Tables that end with WIP are still under development.

Naming Conventions

The name of a table is in plural form. E.g. boards, issues, etc.
The name of a table which describe the relation between 2 entities is in the form of [BigEntity in singular form]_[SmallEntity in plural form]. E.g. board_issues, sprint_issues, pull_request_comments, etc.
Value of the field in enum type are in capital letters. E.g. table.issues.type has 3 values, REQUIREMENT, BUG, INCIDENT. Values that are phrases, such as 'IN_PROGRESS' of table.issues.status, are separated with underscore '_'.

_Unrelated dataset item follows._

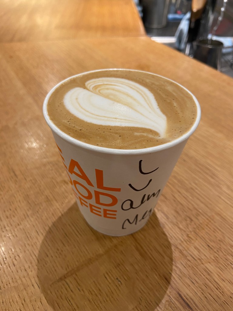 While on the train, I had made a quick search to find a highly rated coffee shop and found Dua Coffee. I made the chilly half-mile walk through the city munching on my Chocolate Rose.

How to Customize Data Models

Apache DevLake provides 2 plugins:

customize: to create/delete columns in the domain layer schema with the data extracted from raw layer tables
dbt: to transform data based on the domain layer schema and generate new tables

DWD Entities - (Data Warehouse Detail)

Domain 1 - Issue Tracking

issues

An issue is the abstraction of GitHub/GitLab/BitBucket/Jira/TAPD/Zentao... issues.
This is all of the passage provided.